The audio engineering team here have done a lot of work on audio evaluation, both in collaboration with companies and as an essential part of our research. Some challenges come up time and time again, not just in terms of formal approaches, but also in terms of just establishing a methodology that works. I’m aware of cases where a company has put a lot of effort into evaluating the technologies that they create, only for it to make absolutely no difference in the product. So here are some ideas about how to do it, especially from an informal industry perspective.
– When you are tasked with evaluating a technology, you should always maintain a dialogue with the developer. More than anyone else, he or she knows what the tool is supposed to do, how it all works, what content might be best to use and has suggestions on how to evaluate it.
– Developers should always have some test audio content that they use during development. They work with this content all the time to check that the algorithm is modifying or analysing the audio correctly. We’ll come back to this.
– The first stage of evaluation is documentation. Each tool should have some form of user guide, tester guide and developer guide. The idea is that if the technology remains unused for a period of time and those who worked on it have moved on, a new person can read the guides and have a good idea how to use it and test it, and a new developer should be able to understand the algorithm and the source code. Documentation should also include test audio content, preferably both input and output files with information on how the tool should be used with this content.
– The next stage of evaluation is duplication. You should be able run the tool as suggested in the guide and get the expected results with the test audio. If anything in the documentation is incorrect or incomplete, get in touch with the developers for more information.
– Then we have the collection stage. You need test content to evaluate the tool. The most important content is that which shows off exactly what the tool is intended to do. You should also gather content that tests challenging cases, or content where you need to ensure that the effect doesn’t make things worse.
– The preparation stage is next, though this may be performed in tandem with collection. With the test content, you may need to edit it, in order that its ready to use in testing. You may also want to create manually create target content, demonstrating ideal results, or at least of similar sound quality to expected results.
– Next is informal perceptual evaluation. This is lots of listening and playing around with the tool. The goal is to identify problems, find out when it works best, identify interesting cases, problematic or preferred parameter settings.
– Now on to semi-formal evaluation. Have focused questions that you need to find the answer to and procedures and methodologies to answer them. Be sure to document your findings, so that you can say what content causes what problem, how and why, etc. This needs to be done so that the problem can be exactly replicated by developers, and so that you can see if the problem still exists in the next iteration.

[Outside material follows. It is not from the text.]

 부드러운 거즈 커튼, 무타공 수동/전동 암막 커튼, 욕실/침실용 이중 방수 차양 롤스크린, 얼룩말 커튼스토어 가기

– Now comes the all-important listening tests. Be sure that the technology is at a level such that the test will give meaningful results. You don’t want to ask a bunch of people to listen and evaluate if the tool still has major known bugs. You also want to make sure that the test is structured in such a way so that it gives really useful information. This is very important, and often overlooked. Finding out that people preferred implementation A over implementation B is nice, but its much better to find out why, and how much, and if listeners would have preferred something else. You also want to do this test with lots of content. If, for instance only one piece of content is used in a listening test, then you’ve only found out that people prefer A over B for one example. So, generally, listening tests should involve lots of questions, lots of content, and everything should be randomised to prevent bias. You may not have time to do everything, but its definitely worth putting significant time and effort into listening test design.
We’ve developed the Web Audio Evaluation Toolbox, designed to make listening test design and implementation straightforward and high quality.

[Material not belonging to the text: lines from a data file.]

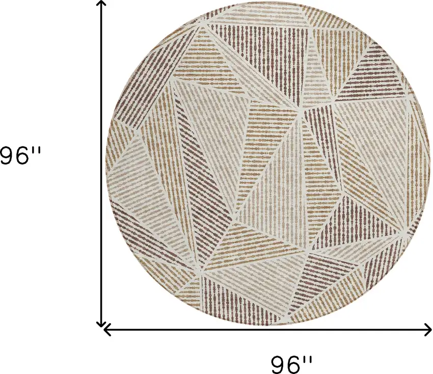 Add some artistry to your room with this 8-foot brown taupe and beige round geometric washable indoor outdoor area rug. This geometric round shaped rug features a geometric pattern in brown, taupe, and beige that combines a good looking print with a unique and updated shape. The mix of shape, color, and design gives this rug refreshing visual interest. Ideal for outdoor spaces or high traffic areas with kids and pets, this rug is made from heavy duty polyester that is stain resistant to help repel water, dirt, and stains. Makes a great way to dress up your patio, porch, or poolside, but also works well as a durable and easy to maintain option in the kitchen, family room, or mudroom. 96-inch h x 96-inch w x 0.19-inch d.
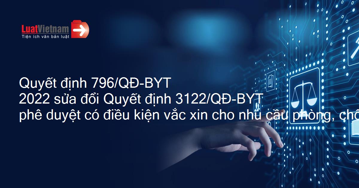 Ngày 31/3/2022, Bộ Y tế đã ban hành Quyết định 796/QĐ-BYT về việc sửa đổi Điều 1 Quyết định 3122/QĐ-BYT ngày 28/6/2021 của Bộ trưởng Bộ Y tế phê duyệt có điều kiện vắc xin cho nhu cầu cấp bách trong phòng, chống dịch bệnh COVID-19.
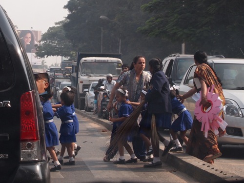 久しぶりに助手席に座るとまあ、渋滞の激しさ、悪路のすさまじさが肌身にしみる。園児を引率する保母さんたちも、命がけだ。

– And there is the feedback stage. Evaluation counts for very little unless all the useful information gets back to developers (and possibly others), and influences further development. All this feedback needs to be prepared and stored, so that people can always refer back to it.
– Finally, there is revisiting and reiteration. If we identify a problem, or a place for improvement, we need to perform the same evaluation on the next iteration of the tool to ensure that the problem has indeed been fixed. Otherwise, issues perpetuate and we never actually know if the tool is improving and problems are resolved and closed.
By the way, I highly recommend the book Perceptual Audio Evaluation by Bech and Zacharov, which is the bible on this subject.